== DATA TO USE
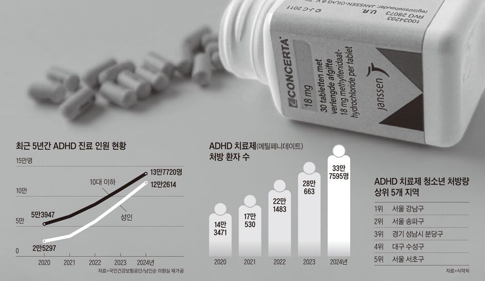 Supplies resumed in the second half of this year, but demand remains high, risking future shortages. Concerta, a stronger stimulant than caffeine, improves focus and regulates impulsivity in ADHD patients. However, its effects led to misconceptions as a ‘study aid.’ The Ministry of Food and Drug Safety found that regions with high educational fervor, such as Gangnam, Seocho, and Songpa in Seoul, had high ADHD medication prescriptions among teenagers, suggesting misuse for artificial focus.
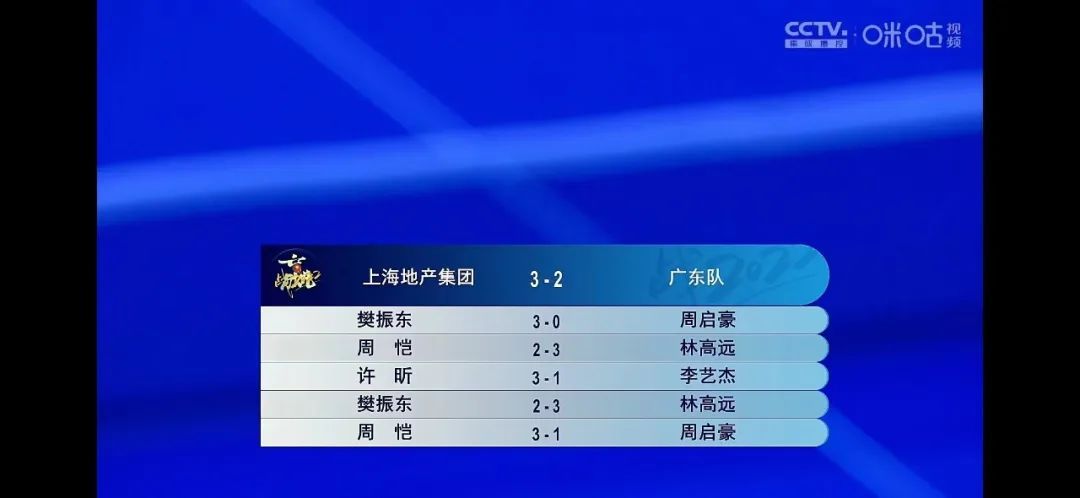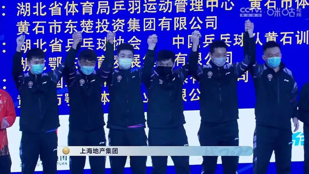 11月6日,2022年全国乒乓球锦标赛在湖北黄石结束了男子团体决赛的争夺,经过近4小时鏖战,上海地产集团队以3比2战胜广东队,获得冠军!
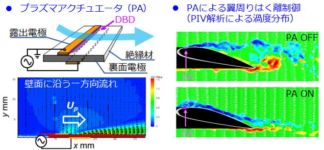 誘電体バリア放電(DBD)を利用したプラズマアクチュエータ(PA)をはじめとする先進的な流体制御デバイスを開発し、流体機械のエネルギー効率を改善するための研究を行っています。流体制御技術を自動車、高速列車、航空機、ターボチャージャなどの流体機械に適用し、次世代モビリティにおいてコアになる革新的な流体制御システムの構築を目指します。 例えば、発電用ガスタービンや航空用ジェットエンジンの構成要素であるタービン翼列の空気力学的性能を向上させるため,プラズマアクチュエータを用いた能動流体制御の研究に取り組んでいます。
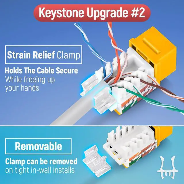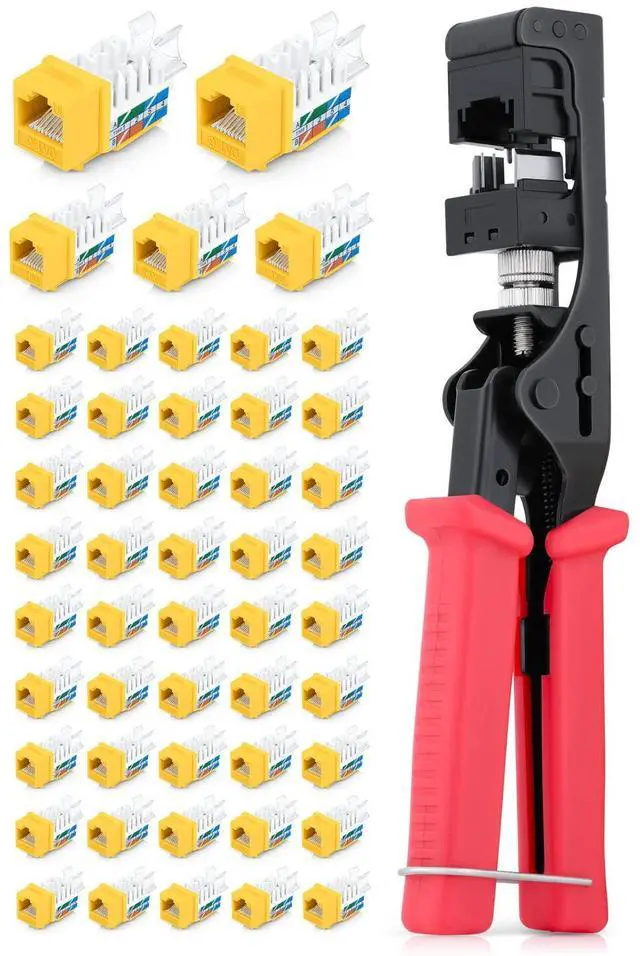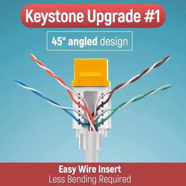 Product 1 - 45° Angled CAT6 Keystone Jack in Yellow - Slim Profile RJ45 Ethernet Connector - Compatible with 45° Angled Speed Termination Tool - 45Term (B0BL3GS7ZY) - 50-Pack
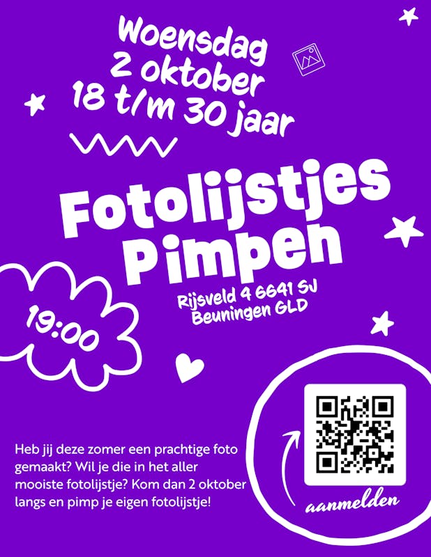 Ben je graag creatief bezig? Wil je graag leeftijdsgenootjes ontmoeten? En ben je tussen de 18 en 30 jaar? Kom dan gezellig op 2 oktober fotolijstjes pimpen!
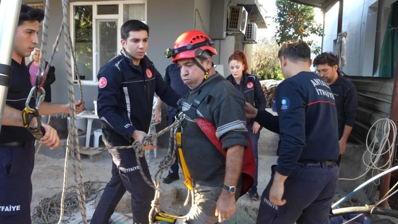 Olay, dün saat 15.30 sıralarında Konyaaltı ilçesi Kartepe Mahallesi Araplar Caddesi üzerinde yaşandı. Edinilen bilgiye göre, İhsan G. (62) dinamodaki arızayı gidermek için merdivenle yaklaşık 10 metre derinlikteki su kuyusuna indi. Burada problemini gideren İhsan G., ardından yukarı çıkmak istedi ancak kendini iyi hissetmedi. İhsan G., sesini yakınlarına duyurup durumu anlatınca 112 Acil Çağrı Merkezinden yardım talep edildi. İhbarın ardından bölgeye itfaiye ve jandarma ekipleri sevk edildi. Belirtilen adrese gelen itfaiye ekipleri, halatla bağladıkları İhsan G.’yi başarılı bir operasyonla yukarı çekti.
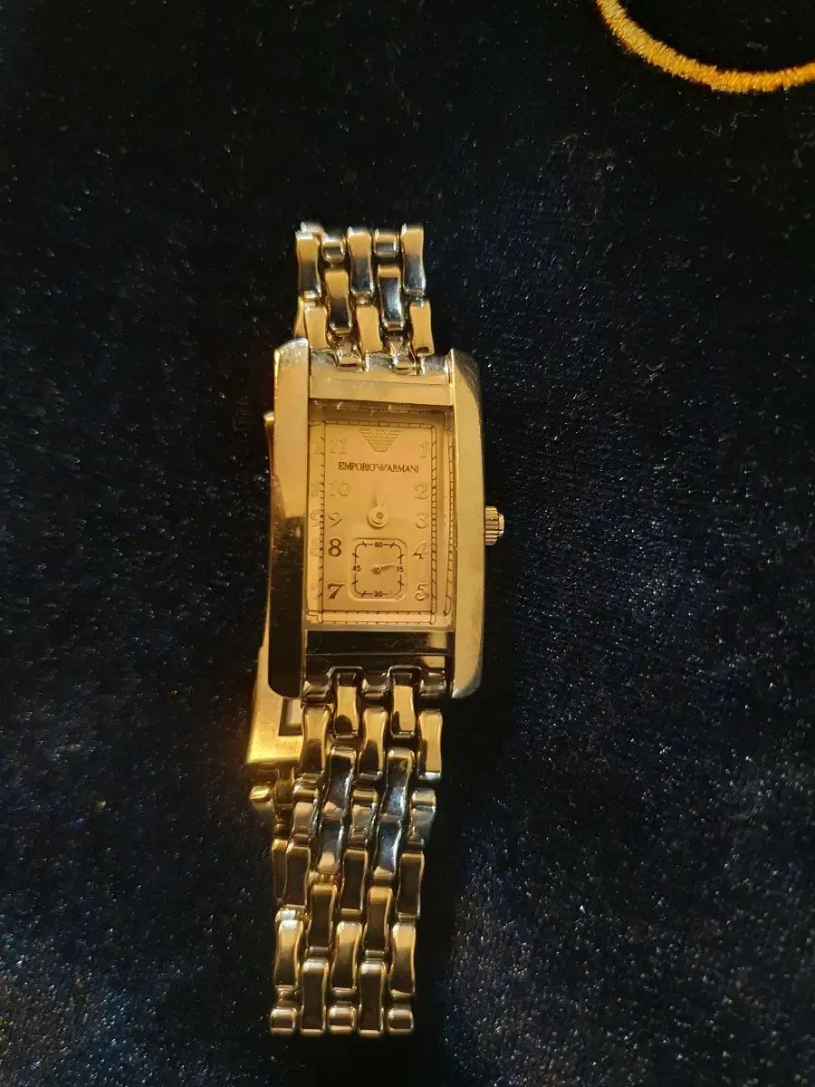 これはエンポリオアルマーニ正規品女性用時計です。この時計にはシルバーのメタルバンドと魅力的なライトピンクの四角いフレームが付いています。
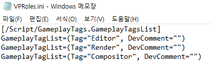<필히 숙지> 만약 리스너의 로그가 Z:\MyProject\Config\Tags 여기에 VPRole.ini file 이 없다는 에러로그가 뜨게 되면 해당 경로에(Tags 폴더가 없으면 만들어주어야 함)
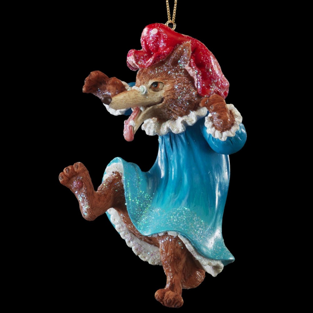 Красная Шапочка и Серый Волк представляют коллекцию елочных украшений по мотивам одноименной сказки Шарля Перро. Сказочные персонажи красиво смотрятся и создают уютную атмосферу дома. Волк облачен в чепец и сорочку предварительно съеденной им бабушки. Украшение выделяется множеством тонко выполненных деталей, которые можно рассматривать бесконечно. Изделие является относительно тяжелым, предпочтительно использование на искусственной елке. Групповая упаковка предназначена только для безопасной транспортировки и хранения.
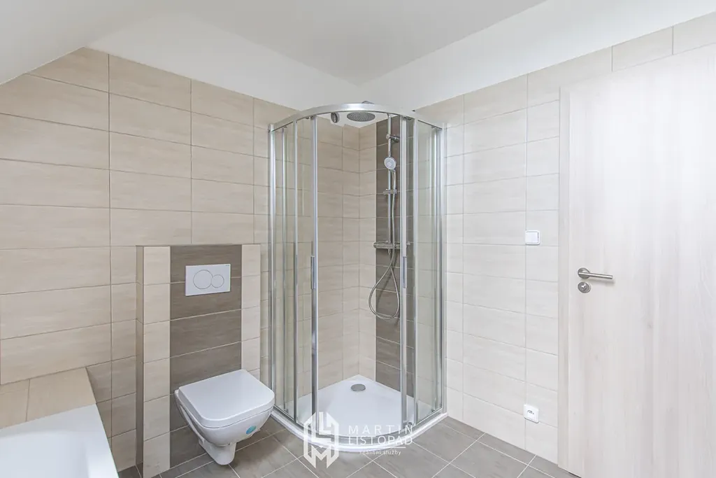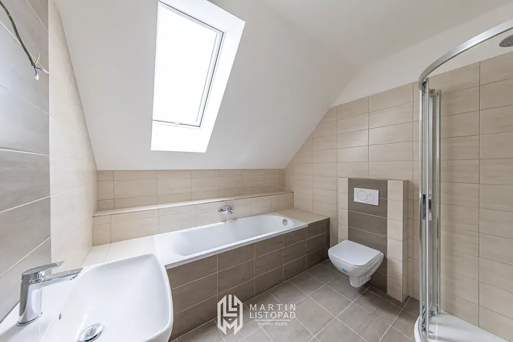 Rodinný dům je nízkoenergetická stavba v tradičním stylu, umístěním řešena jako dvojdomek se sedlovou střechou. Okna a vstupní dveře jsou plastová s trojskly. Dům je dispozičně řešen jako 5+kk o celkové užitné ploše 127 m2 + garáž pro dva automobily. V přízemí se nachází obývací pokoj s kuchyňským koutem, krytá terasa se vstupem do obývacího pokoje, pracovna, technická místnost se sprchovým koutem, umyvadlem a WC, zádveří, šatna a schodiště. V druhém nadzemním podlaží jsou situovány 2 pokoje, ložnice a prostorná koupelna se sprchovým koutem, vanou, umyvadlem a WC. Nemovitost má následující zařízení interiérů: kuchyňskou linku osazenou kvalitními vestavěnými spotřebiči (myčka, lednice s mrazákem, indukční sklokeramická deska, elektrická a mikrovlnná trouba, plovoucí podlahy kombinované s dlažbou, moderní zařizovací prvky koupelen, nadstandardní interiérové dveře vč. zárubní a vestavěné skříně v pokojích. Topení je teplovodní radiátorové v kombinaci s kondenzačním plynovým kotlem, v koupelně a technické místnosti jsou umístěny topné žebříky.
====
## WHAT NEEDS TO BE DONE
Extract word for word every line from the line that contains "これはエンポリオアルマーニ正" to the final line of the data, both included, and nothing else; skip the pictures.

## WRITTEN SOLUTION
 これはエンポリオアルマーニ正規品女性用時計です。この時計にはシルバーのメタルバンドと魅力的なライトピンクの四角いフレームが付いています。
<필히 숙지> 만약 리스너의 로그가 Z:\MyProject\Config\Tags 여기에 VPRole.ini file 이 없다는 에러로그가 뜨게 되면 해당 경로에(Tags 폴더가 없으면 만들어주어야 함)
 Красная Шапочка и Серый Волк представляют коллекцию елочных украшений по мотивам одноименной сказки Шарля Перро. Сказочные персонажи красиво смотрятся и создают уютную атмосферу дома. Волк облачен в чепец и сорочку предварительно съеденной им бабушки. Украшение выделяется множеством тонко выполненных деталей, которые можно рассматривать бесконечно. Изделие является относительно тяжелым, предпочтительно использование на искусственной елке. Групповая упаковка предназначена только для безопасной транспортировки и хранения.
 Rodinný dům je nízkoenergetická stavba v tradičním stylu, umístěním řešena jako dvojdomek se sedlovou střechou. Okna a vstupní dveře jsou plastová s trojskly. Dům je dispozičně řešen jako 5+kk o celkové užitné ploše 127 m2 + garáž pro dva automobily. V přízemí se nachází obývací pokoj s kuchyňským koutem, krytá terasa se vstupem do obývacího pokoje, pracovna, technická místnost se sprchovým koutem, umyvadlem a WC, zádveří, šatna a schodiště. V druhém nadzemním podlaží jsou situovány 2 pokoje, ložnice a prostorná koupelna se sprchovým koutem, vanou, umyvadlem a WC. Nemovitost má následující zařízení interiérů: kuchyňskou linku osazenou kvalitními vestavěnými spotřebiči (myčka, lednice s mrazákem, indukční sklokeramická deska, elektrická a mikrovlnná trouba, plovoucí podlahy kombinované s dlažbou, moderní zařizovací prvky koupelen, nadstandardní interiérové dveře vč. zárubní a vestavěné skříně v pokojích. Topení je teplovodní radiátorové v kombinaci s kondenzačním plynovým kotlem, v koupelně a technické místnosti jsou umístěny topné žebříky.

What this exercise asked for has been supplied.